— Уж не расчувствовался ли ты, а, Изя, по той простой причине, что вы с Шолемом совершали такие замечательные прогулки? А вдруг бы ты и сам смог оценить этот его выдающейся силы труд, прочти ты его? В корпорацию РЭНД небось дураков не берут — я все хочу, чтобы ты как-нибудь выбрал время рассказать мне об этой вашей сверхинтеллектуальной шараге.
— Точнее было бы сказать, не расчувствовался, а сочувствую.
В сфере нравственности дикое невежество, полный хаос.
Менди сказал:
— Если бы ты попытался с ним поговорить, он стал бы тебя поучать свысока, а что, нет, что ли? И раз ты ничего не смыслишь в этих его зиготах и гаметах, тебе волей-неволей пришлось бы сидеть и слушать…

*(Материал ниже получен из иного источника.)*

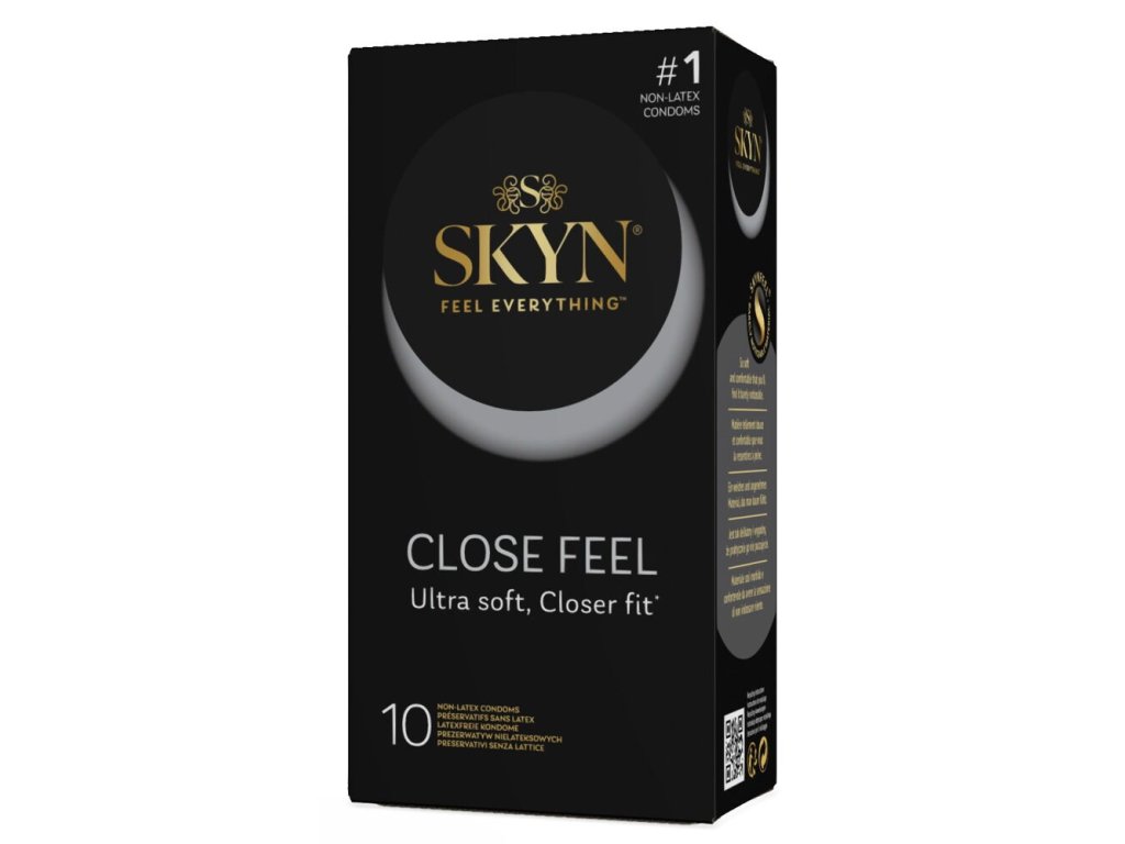 Priehľadné, extra tenké kondómy SKYN Close Feel sú navrhnuté pre tesnejšie priliehanie a intenzívnejší kontakt. Vyrobené zo sensoprenu (polizoprénu), vďaka čomu sú mäkké, pružné a pôsobia veľmi prirodzene. Neobsahujú latex ani zápach – ideálne pre ľudí s alergiou alebo citlivosťou na latex. Kondómy sú lubrikované silikónovým gélom a majú tvar s rezervoárom na konci.
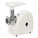 Номинальная мощность: 230 Вт • Производительность: 1.7 кг/мин • Насадки-решетки: Есть, 2 штуки • Насадки-терки: Есть • Насадки для шинковки: Есть • Прочие насадки: для приготовления колбас • Лоток для подачи продуктов: есть, пластик • Цвет корпуса: белый • Материал корпуса: пластик • Максимальная мощность: 1500 Вт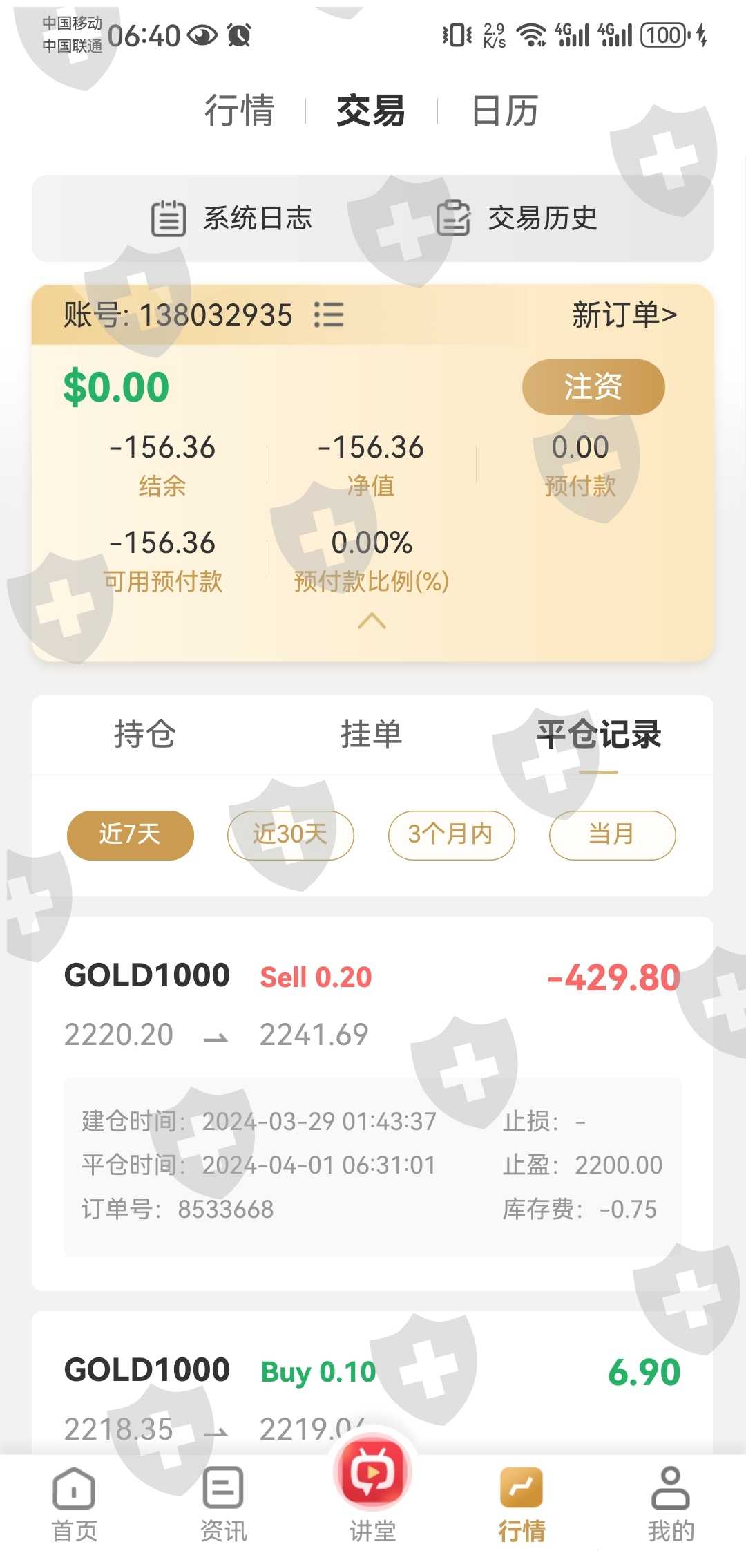 与国际平台的封盘/开盘时间不符,领峰平台设置的100%低于将会强制平仓,但未强制平仓导致账户金额负数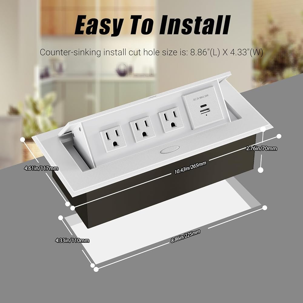 【مادة متينة】تضمن مادة سبائك الألومنيوم السميكة تثبيت شريط الطاقة المجوف للطاولة بشكل آمن، وتوفر حماية متعددة لعائلتك أيضًا.
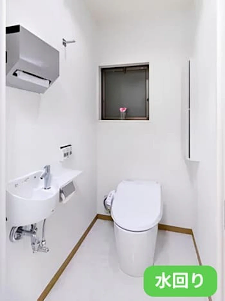② 腰壁や白い床を採用し、清潔に保てるように工夫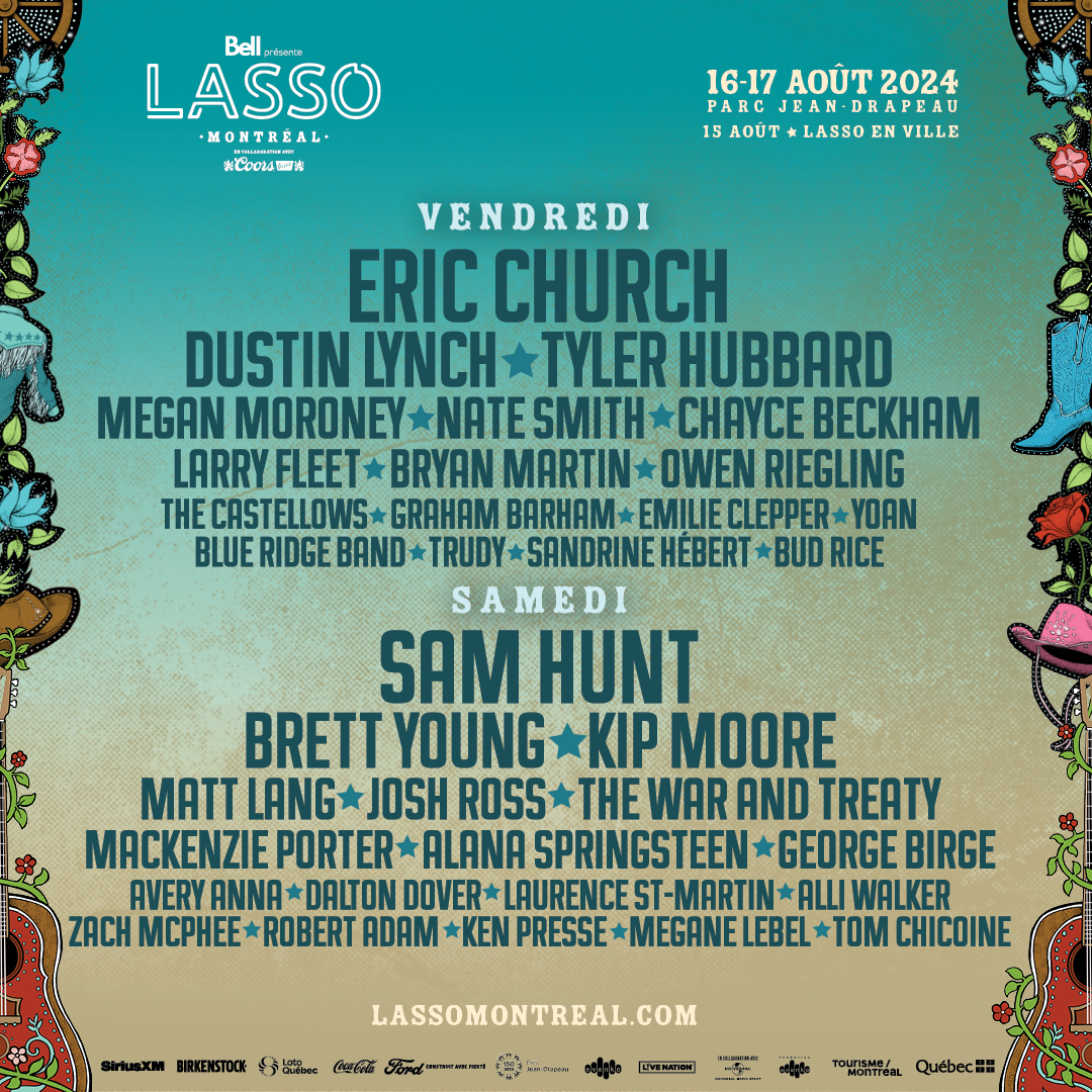 LASSO ERIC CHURCH DUSTIN LYNCH TYLER HUBBARD MEGAN MORONEY NATE SMITH CHAYCE BECKHAM LARRY FLEET BRYAN MARTIN OWEN RIEGLING THE CASTELLOWS GRAHAM BARHAM ÉMILIE CLEPPER YOAN BLUE RIDGE BAND TRUDY SANDRINE HÉBERT BUD RICE SAM HUNT BRETT YOUNG KIP MOORE MATT LANG JOSH ROSS THE WAR AND TREATY MACKENZIE PORTER ALANA SPRINGSTEEN GEORGE BIRGE AVERY ANNA DALTON DOVER LAURENCE ST-MARTIN ALLI WALKER ZACH MCPHEE ROBERT ADAM KEN PRESSE MÉGANE LEBEL TOM CHICOINE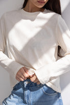 חולצת בייסיק עם שרוולים אורכים, עשויה מבד רך ונעים למגע. בעלת גזרה מעט משוחררת וצווארון עגול קלאסי.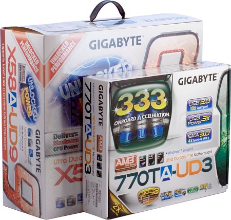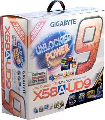 Если же попробовать на минуту отстраниться от специфики X58A-UD9 в области поддержки видеокарт, то нетрудно заметить просто по названию модели, что цифровой индекс (UD9) у нее на текущий момент максимальный, так что в этой плате реализовано абсолютное большинство современных технологий компании. Плата (согласно тому же названию) основана на топовом чипсете Intel X58 и, значит, предназначена для платформы Socket 1366, для которой с полгода назад были выпущены 6-ядерные процессоры — разумеется, от топовой модели приходится ожидать их поддержки. Кроме того, литера A (X58A) говорит о том, что это второе поколение плат на X58, в котором все производители массово реализовали поддержку USB 3.0 и SATA-III (пусть и не оптимальным образом, с учетом сегодняшних ограничений). Что ж, осмотрим плату внимательнее.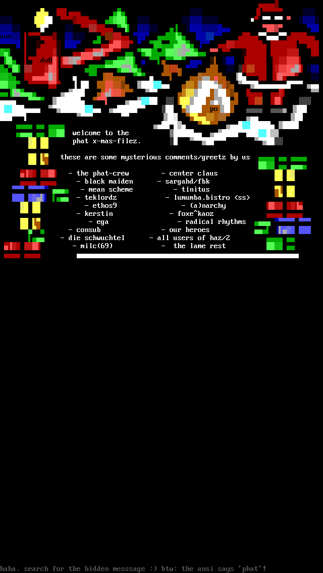haha. search for the hidden messsage : btw: the ansi says phat!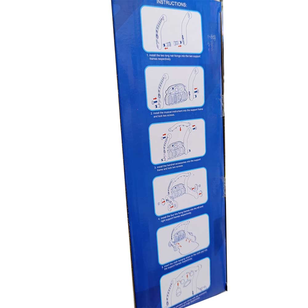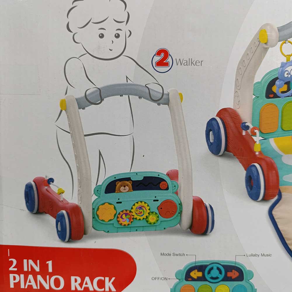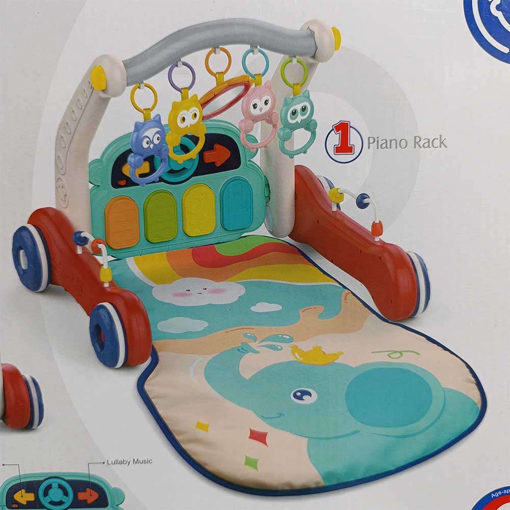 دارای یک عدد پیانو است دارای تشک راحت و نرم است نیاز به ۳ عدد باتری قلمی دارد قابلیت تنظیم صدای موسیقی دارد قابلیت تقویت قوای جسمی توسط پیانو دارد دارای محل آویزان کردن جغجغهها دارد ساخته شده از پلاستیک ABS محکم و مقاوم است طراحی بروز شده و ارگونومیک برای جلوگیری از انحراف پاها دارد بازی بصورت دراز کش، نشسته، درازکش روی شکم و ایستاده است
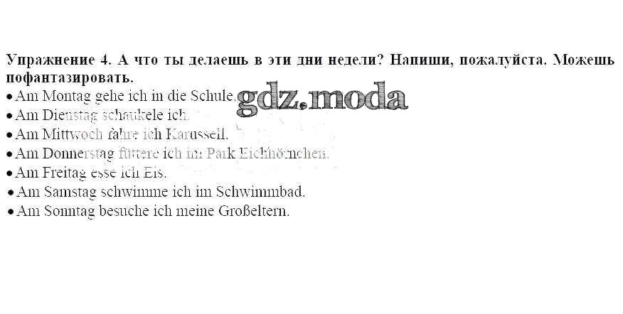 ГДЗ решение к заданию № 4 Немецкий язык 3 класс рабочая тетрадь Бим И.Л. Просвещение 2018 ФГОС бесплатно на гдз.мода!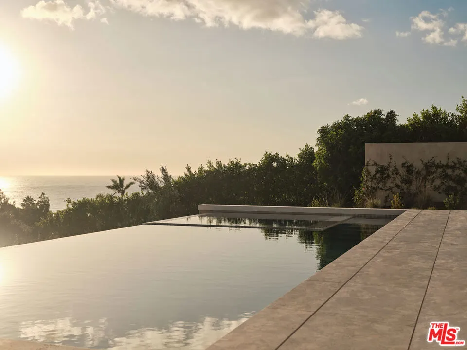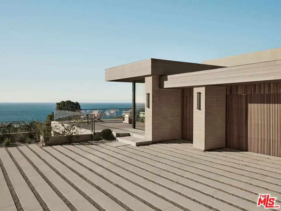 Introducing this exceptional new construction organic modern architectural home, featuring interior design by Atana Collective and built by Aksel Development, known for their custom homes and commitment to distinctive residences. Situated on 1.25 acres, this property features well over 10,000 SF of interior and exterior entertainment space, featuring 5 bedrooms and 7 bathrooms. The gracious family and living room showcase 12-15 foot ceilings with walls of glass that open to an expansive Golden Balau exotic hardwood deck offering whitewater ocean vistas. White oak flooring and ceilings throughout, paired with solid walnut interior doors and walnut-oak cabinetry, create a warm, soothing contemporary ambiance. The gorgeous chef’s kitchen includes a large center island topped with leathered Taj Mahal Quartzite stone, Miele appliances, and a spacious walk-in pantry. The ocean-view primary suite features walls of glass leading to a private terrace, a fireplace, and a luxurious bath with dual sinks and closets, a floating tub, and a large walk-in shower with sliding doors to the outdoors. Three additional ocean-view bedroom suites are located on the lower level, while the wellness lounge offers a fitness center, sauna, steam room, massage room, and bar. Outside, an ocean-view infinity pool and spa adjoin the main living area, complemented by ample grassy yard space, an outdoor kitchen, and two fire pits. A large motor court provides for an entertainer’s dream, with plentiful parking alongside a spacious 3-car garage offering direct access to the over 3,000 SF deck, all enhanced by a Control 4 smart home system, camera security, and built-in speakers throughout.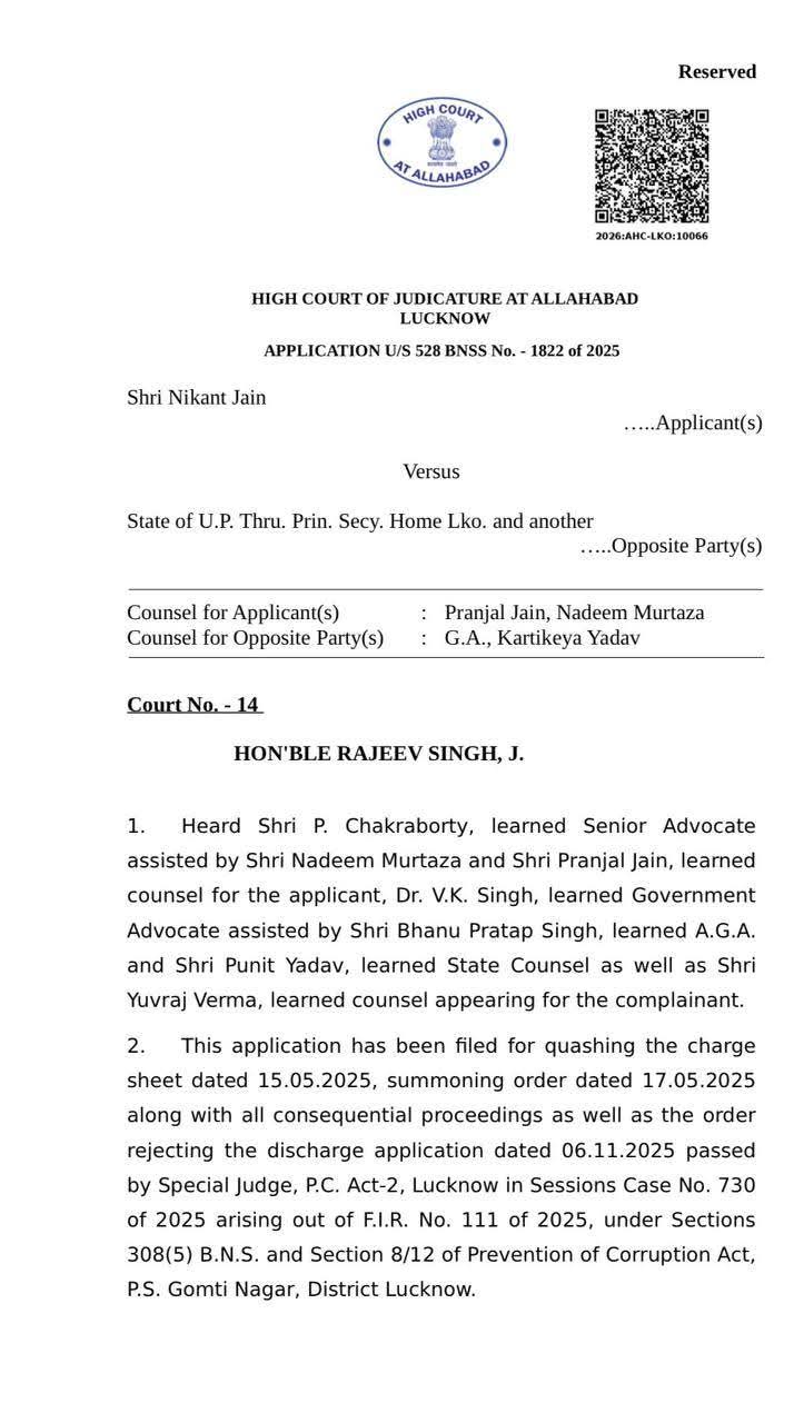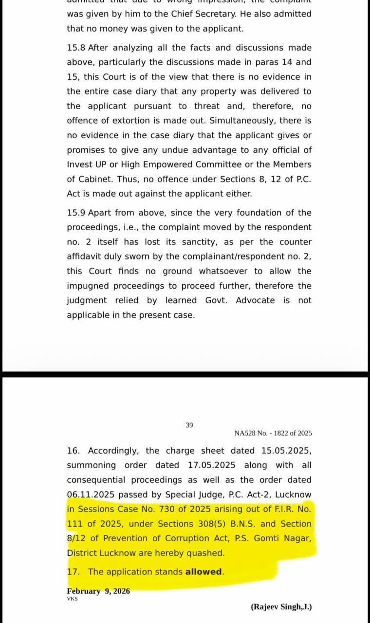 लखनऊ हाई कोर्ट ने उत्तर प्रदेश के चर्चित सोलर मैन्युफैक्चरिंग प्रोजेक्ट रिश्वत मामले में फैसला सुनाते हुए वरिष्ठ IAS अधिकारी अभिषेक प्रकाश और अन्य आरोपियों को बड़ी राहत दी है। कोर्ट ने इस मामले में दर्ज भ्रष्टाचार के केस और चार्जशीट को पूरी तरह रद्द कर दिया है।

Этим Менди хотел сказать, что он и я, мы-то понимаем друг друга, мы же с ним одной породы. Евреи, которых воспитала американская улица, мы же тут не чужие, мы же принесли в жизнь Америки столько пыла, энергии, любви, что сроднились с ней. Странно, что она начала уходить в забвение как раз в ту пору, когда эта замечательная демократия стала для нас своей. Как бы там ни было, но наша демократия уже passe[80]. А новая демократия с ее новой системой абстрактных понятий удручающе жестока. Быть американцем во все времена было довольно абстрактной задачей. Ты приезжал в эту страну иммигрантом. Получал вполне приемлемое предложение и откликался на него. Ты обретал себя. При новой системе понятий ты себя терял. Они требовали пугающего отказа от собственных взглядов. Возьмем письмо Юнис в медучилище. Вверни словечко «порядочный» и обманывай с чистой совестью. Если ты затвердил новую систему понятий, извечные дилеммы — правда и ложь, добро и зло — переставали для тебя существовать. Тебе таких усилий стоило затвердить новые понятия, что уже одно это освобождало тебя от необходимости различать добро и зло. Ты усердно учил заданный от и до урок, вызубривал его наконец, и отныне тебе во тьме всходил свет. Ты мог, к примеру, сказать: «Чувство вины умерло. Люди имеют право наслаждаться, не мучаясь виной». Вызубрив этот неоценимый урок, ты плевал, что твоя дочь трахается с кем ни попадя, а ведь прежде у тебя был бы разрыв сердца. Воздаяние твое было в хорошо вызубренном уроке, он служил тебе наградой. Вот что она такое, эта новая проницательность. А ведь не исключено, что от нашей способности духовно проницать зависит, выживем ли мы, — сколько решений, причем сознательных, нам предстоит еще принять! Только не думайте, что я отвлекся, вовсе нет. Шолем, мой родственник, благородный человек, блуждал в дебрях старой проницательности. Превосходнейший человек, если верить, что его претензии небеспочвенны. Менди, мой родственник, в это не верил. Менди хотел напомнить мне: ведь мы с ним представители своеобразного периода развития еврейско-американских отношений (стертого с лица земли историей), и нас с ним столько всего объединяет, что Никакому вышедшему в тираж вундеркинду нас не понять.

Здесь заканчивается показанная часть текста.